Who Should Diagnose Your Mental Health?
A Conversation About Access, Training, and Patient Rights in Ontario
When most of us look for mental health support, we’re not thinking about professional hierarchies or regulatory colleges. We’re thinking something much simpler: I need help. I want it to be safe. I want it to work.
But the way mental health care is organized — and who is allowed to do what — has a real impact on patients. And right now in Ontario, those boundaries are being actively debated.
So it’s worth slowing down and asking a basic question: who should be diagnosing mental health conditions, and what level of training should that require?
Psychotherapists and Psychologists Aren’t the Same — and That Matters for Patients
In Ontario, psychotherapists and psychologists play different but complementary roles. Registered Psychotherapists are trained to provide psychotherapy: helping people process emotions, manage distress, and work toward change. For many people, this support is invaluable.
What psychotherapists are not permitted to do is provide formal mental health diagnoses. That authority sits with psychologists and psychiatrists under Ontario’s Controlled Acts framework. Psychotherapists can assess and treat mental health concerns, but must refer out when a formal diagnosis is required.
This distinction exists for a reason. A diagnosis can follow someone for years. It can shape access to medication, insurance coverage, disability supports, school accommodations, and how future providers interpret someone’s needs. Getting it right matters — and patients have a right to know who is qualified to do that work.
A System Under Pressure — and the Temptation of Quick Fixes
At the same time, Canada is facing a genuine shortage of psychologists. As discussed in Psychology Today, the psychology workforce is thinning, in part because the traditional training pathway is long, expensive, and demanding (The Thinning Psychologist Workforce in Canada). Patients feel this reality through long waitlists and limited access to diagnostic care.
In response, Ontario has explored ways to increase the number of registered psychologists more quickly. Some of these proposals have involved significantly reducing training and supervised practice requirements. Reporting in The Globe and Mail has captured the concern many professionals have raised: that lowering standards may increase numbers, but could also undermine the quality and safety of care (Psychologists worry Ontario plans to lower training requirements).
From a patient perspective, this raises an important question: are we expanding access, or are we redefining what “qualified” means?
We’ve Seen Task-Sharing Work — When It’s Done Thoughtfully
To be clear, sharing responsibilities across healthcare professions isn’t new, and it isn’t inherently risky. In fact, we’ve seen it work well in many areas of care.

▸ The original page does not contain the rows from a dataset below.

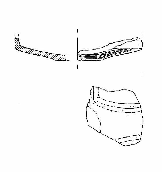 A profilo articolato. Frammento carenato con vasca troncoconica e fondo piatto. Decorazione a solcature al di sotto della linea di carena. Colore: grigio scuro.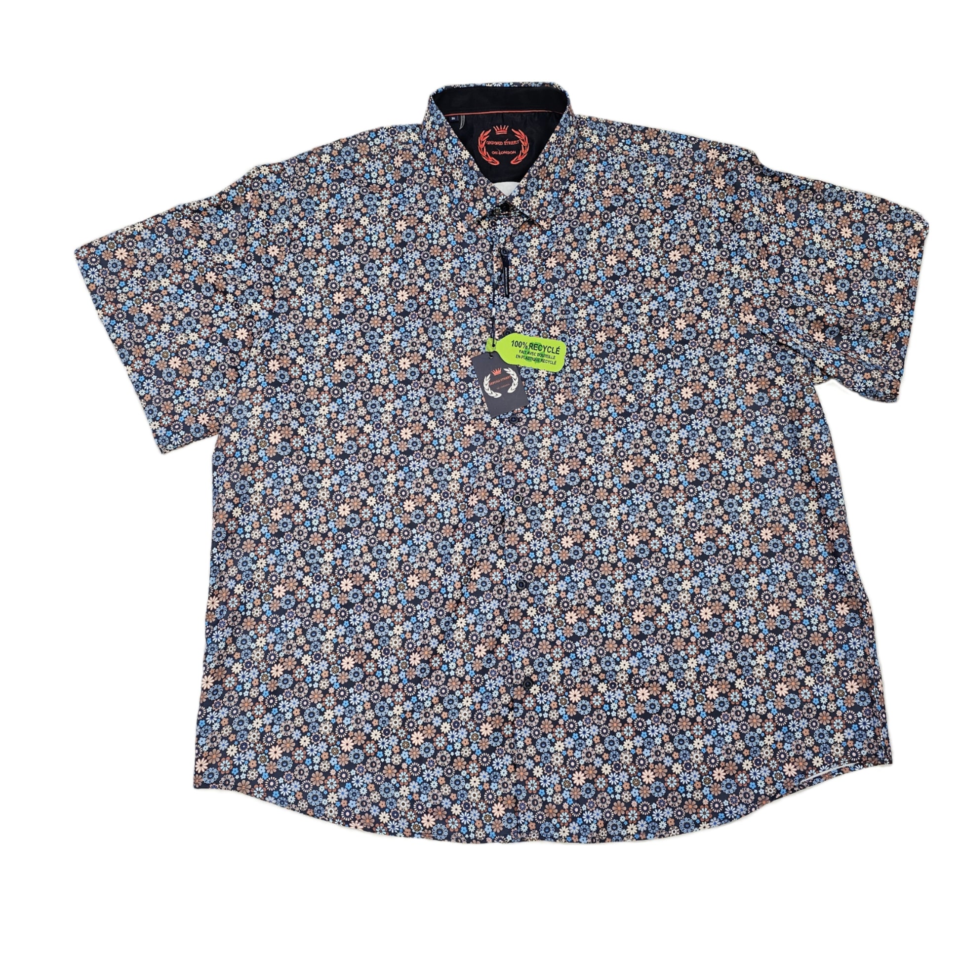 Men's | Oxford Street of London | S24OX4305 | Short Sleeve Button Down | Brown & Blue Blooms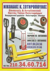 Η εμπειρία και γνώσης μας, επιτρέπουν τη λύση οποιουδήποτε προβλήματος σε θέματα ανύψωσης και διακίνησης εμπορευμάτων. Στην εταιρεία μας θα βρείτε: Παλετοφόρα - Ανυψωτικά - Ρόδες - Καρότσια Χειρός -Επισκευές.Η εταιρεία μας εκτός από εισαγωγή και πώληση, ασχολείται και με την επισκευή παλετοφόρων, stacker, reach stacker, κλάρκ, ηλεκτρικών παλετοφόρων και χειραμαξών.Για μας είναι σημαντικό όχι μόνο να σας πουλήσουμε αξιόπιστο προϊόν αλλά και να σας υποστηρίξουμε μετά την πώληση, γι' αυτό διαθέτουμε αξιόπιστα και γνήσια ανταλλακτικά για κάθε είδος χειροκίνητου παλετοφόρου-ηλεκτρικού παλετοφόρου - ανυψωτικού (stacker) καθώς και αναλαμβάνουμε τη τοποθέτηση των εκάστοτε ανταλλακτικών στο μηχάνημα σας.Η επισκευή γίνεται όσο το δυνατόν γρηγορότερα και ο μέσος χρόνος παραμονής του παλετοφόρου στην εταιρεία μας είναι 1,5 ώρα. Τα ανταλλακτικά που χρησιμοποιούμε είναι τα ΕΓΓΥΗΜΕΝΑ ΓΝΗΣΙΑ για το εκάστοτε μηχάνημα και υψηλών προδιαγραφών.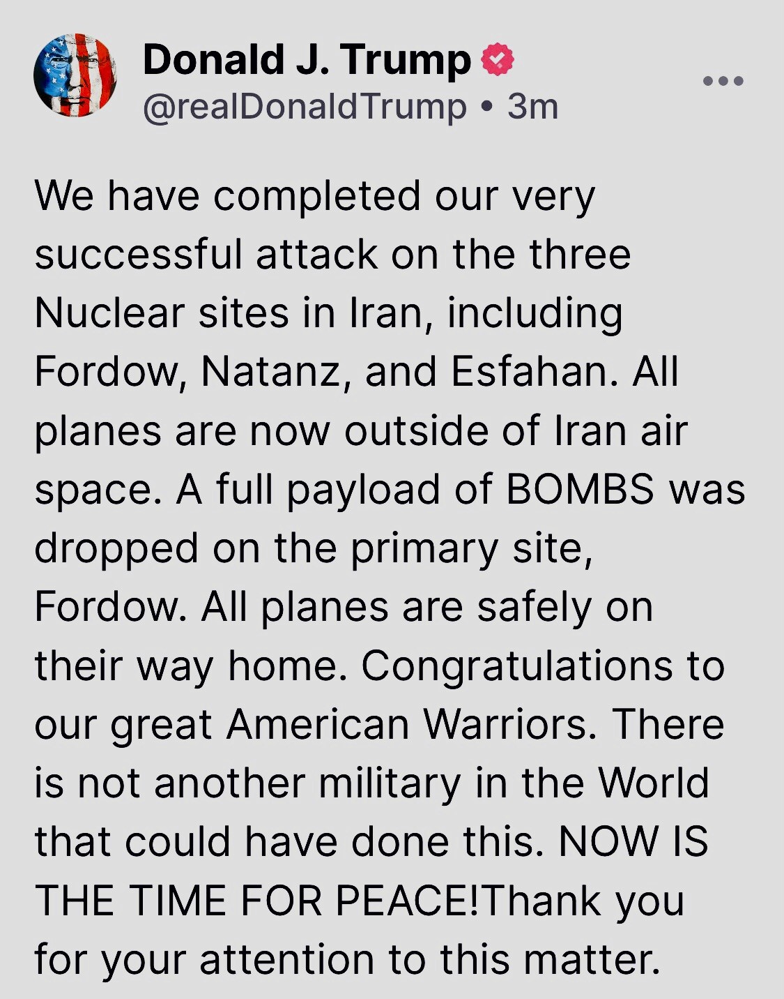 وقال ترامب في منشور على “تروث سوشال”: “أكملنا هجومنا الناجح جدا على المواقع النووية الثلاثة في إيران، بما في ذلك فوردو ونطنز وأصفهان”.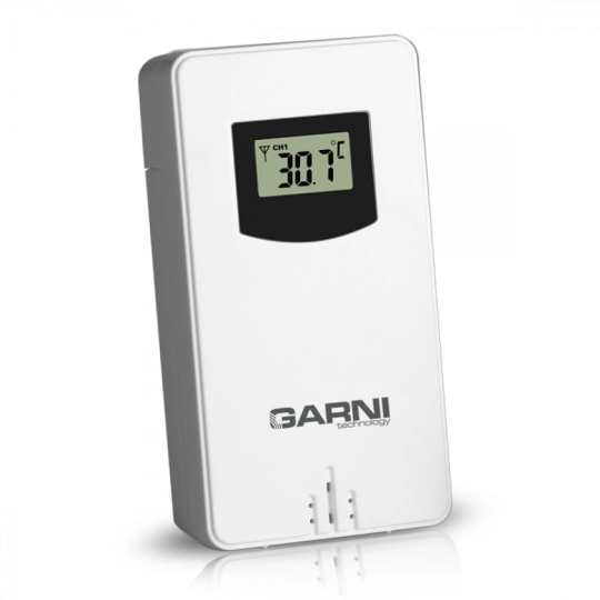 Bezdrôtové čidlo na meranie teploty, určené pre meteorologickú stanicu GARNI 365 Arcus vlhkosti odolné, krytie IPX4 (odolné voči striekajúcej vode) displej o rozmeroch 19 x 11 mm veľkosť číslic na displeji: teplota 6,5 mm meranie teploty 3 kanály maximálny RF výkon 10 dBm (10 mW) možnosť postavenia a zavešenia farba biela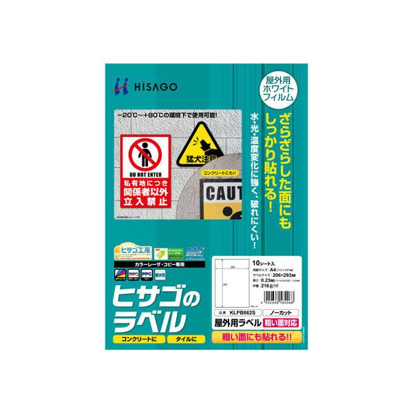 ヒサゴ 屋外用ラベル 粗い面対応 A4 ノーカット 角丸 10シート ノーカット レーザー用ラベルシール 粘着ラベル用紙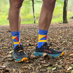 Les plus : ✅ Fibres recyclées & fabrication française ✅ Respirantes, légères et anti-frottement ✅ Renforts ciblés, anti-ampoules ✅ Design vibrant inspiré des reliefs réunionnais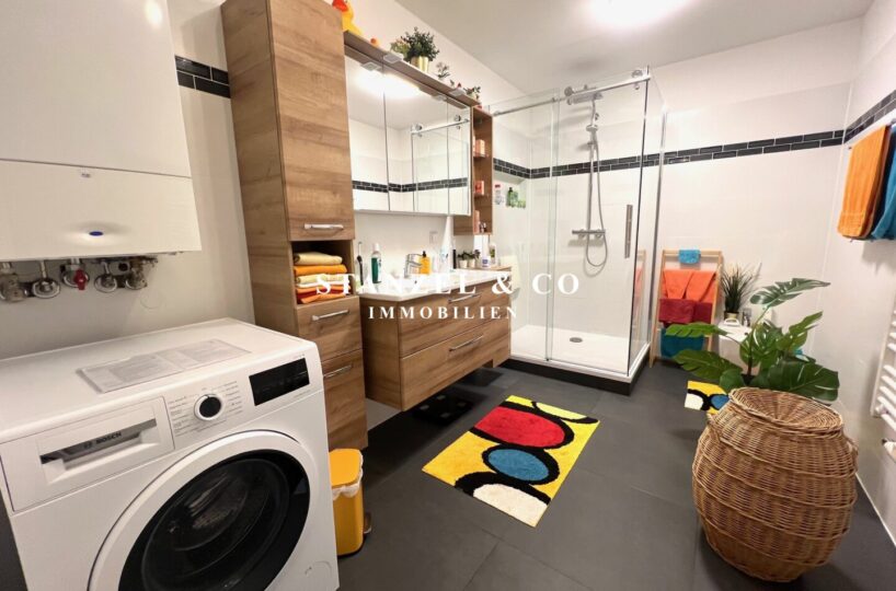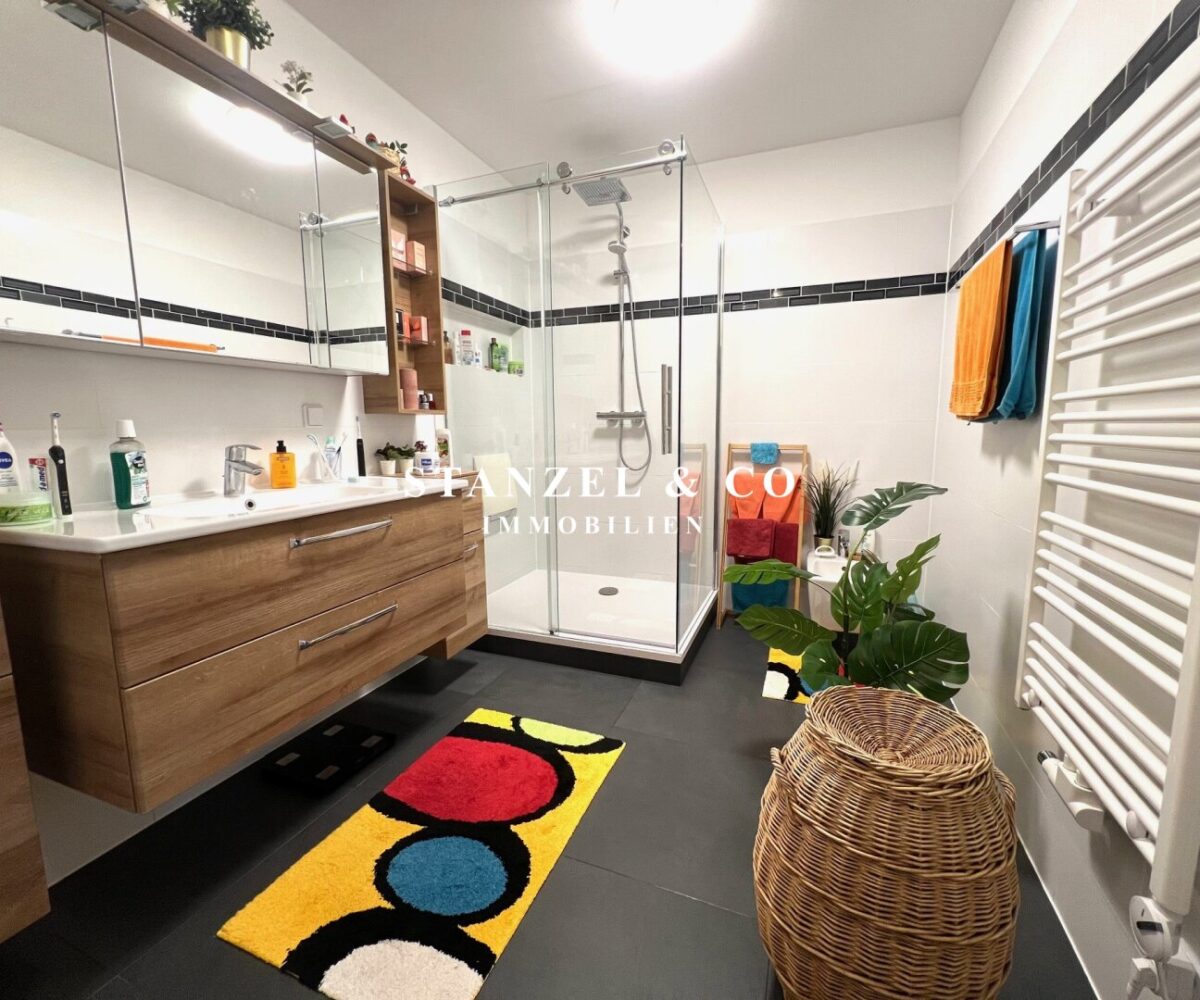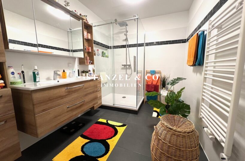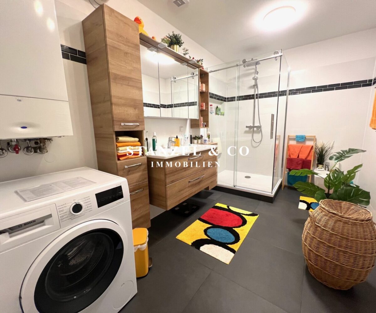 Vom 17,68m² großen Vorzimmer gelangt man in die beiden westseitigen Schlafzimmer – diese sind 16,21m² und 18,09m² groß. Das moderne 8,31m² große Bad verfügt über eine große Glasdusche mit Regenduschkopf, Handtuchtrockner, Waschbecken mit Unterschrank, Hängeschränke, Waschmaschinenanschluss, Spiegelschrank mit Beleuchtung und eine elektrische Entlüftung. Das WC mit elektrischer Entlüftung und Handwaschbecken ist separat. Es gibt einen 1,30m² großen Abstellraum sowie einen praktischen Stauraum unter der Treppe.

Pharmacists now administer vaccines and manage minor ailments. Nurses and nurse practitioners provide care that once required a physician. These changes improved access without sacrificing safety because the tasks were well-defined, supported by training, and embedded in clear systems of accountability.
Patients benefited — because the complexity of care was respected, not ignored.
Advanced Practice Roles Point to a Better Model
In other areas of healthcare, systems didn’t respond to shortages by lowering standards. Instead, they created advanced practice roles with additional education and clear scope boundaries. In Canada, an advanced practice Radiation Therapist role is a strong example of how expanding responsibility can be done safely and deliberately.
Rather than shortening oncologist training, the system invested in specialized roles that enhanced care delivery while maintaining rigorous oversight. It’s a reminder that workforce challenges can be addressed through innovation and investment, not just deregulation.
Why Mental Health Diagnosis Is Different
Mental health diagnosis isn’t a procedural task. It’s a complex clinical judgment.
It involves differentiating between overlapping conditions, understanding developmental and trauma-related factors, assessing risk, and making decisions that can influence treatment trajectories for years. This is why diagnostic authority has traditionally required extensive education and supervised experience.
So when discussions arise about shifting diagnostic responsibilities to providers without equivalent training — or dramatically shortening the pathway to becoming a psychologist — patient advocates are right to pause. This isn’t about protecting professional titles. It’s about recognizing that some forms of care are complex for a reason.
What This Means for Patient Rights
At the end of the day, this conversation isn’t really about professions. It’s about patients.
Patients have the right to understand who is providing their care, what they are trained to do, and when referral to another professional is necessary. They have the right to accurate diagnosis, clear accountability, and a system that improves access without quietly lowering safeguards.
Transparency isn’t a luxury in mental health care — it’s part of ethical practice.
A Final Thought
Healthcare will continue to evolve. Roles will expand. New models will emerge.
But if we’ve learned anything from other parts of the system, it’s this: the strongest solutions build capacity through training, collaboration, and clarity — not shortcuts.
Mental health care deserves the same care we expect everywhere else.
References
Psychology Today. (2025). The thinning psychologist workforce in Canada.
https://www.psychologytoday.com/us/blog/culturally-speaking/202510/the-thinning-psychologist-workforce-in-canada
Picard, A. (n.d.). Psychologists worry Ontario plans to lower training requirements. The Globe and Mail.